Hawley’s claim that past Democratic objectors “were praised by Democratic leadership and the media” leaves a lot out. In his statement, he notes now-Speaker Nancy Pelosi offered supportive words to the 2004 objectors, such as, “The Members of Congress who have brought this challenge are speaking up for their aggrieved constituents, many of whom may have been disenfranchised in this process. This is their only opportunity to have this debate while the country is listening, and it is appropriate to do so.” But he doesn’t cite any 2016 examples, nor any examples of media praise in any year.

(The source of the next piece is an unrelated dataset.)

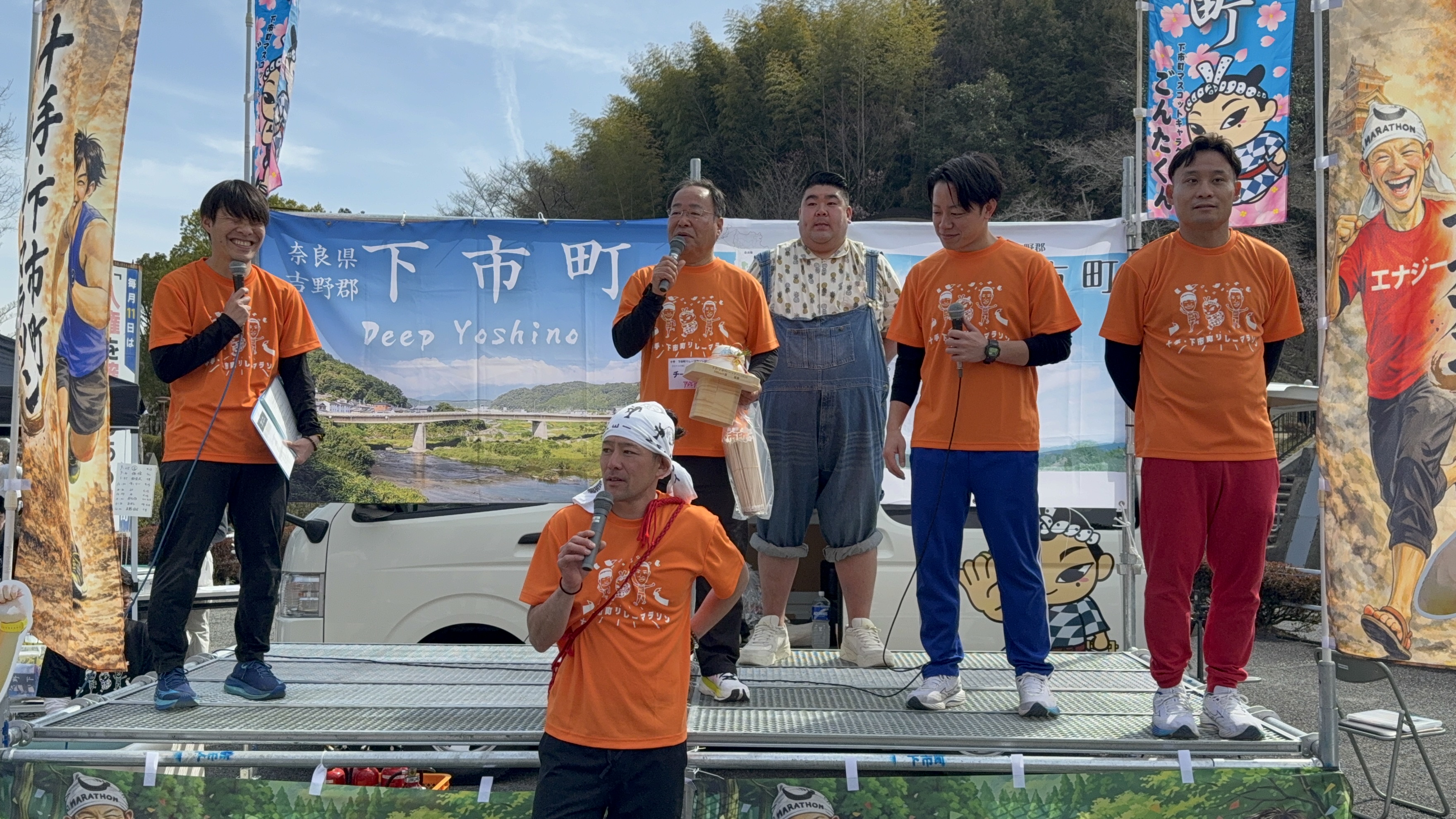 今までの活動もあり、下市町出身ではない、エナジー西手も下市町の景観・環境・そして、人々の良さを実感したこともあり、何かこの下市町内で自分たちが観光大使として、盛り上げること・活性化することができないか模索していたところ、マラソン芸人として、数々のマラソン大会に参加もしていたことで、マラソン大会を通じて、下市町を盛り上げる・活性化することができないかと思いつきました。

Hawley also does not mention that when the 2004 challenge was voted on by the House and Senate, it lost by huge margins: 267-31 in the former and 74-1 in the latter (Boxer being the lone vote to accept her own objection). Moreover, Pelosi, along with most Democrats, joined the majority and voted to accept the Electoral College result, showing her praise had its limits.
Another major difference is that in 2000, 2004 and 2016, the losing candidate had already given a concession speech. (Although Hillary Clinton continues to dwell on Russian shenanigans in 2016, calling the election “not on the level,” she nevertheless conceded shortly after her defeat was clear.) In 2000, the person ruling the complaints from House members as out of order was the Democrat who lost the election, Al Gore, who as vice president of the nation and president of the Senate was presiding over the joint session of Congress. In 2016, it was sitting Vice President Joe Biden enforcing the rules and accepting the outcome.
This year, the incumbent president along with Vice President Mike Pence have refused to concede and have cast baseless doubt on the election’s integrity.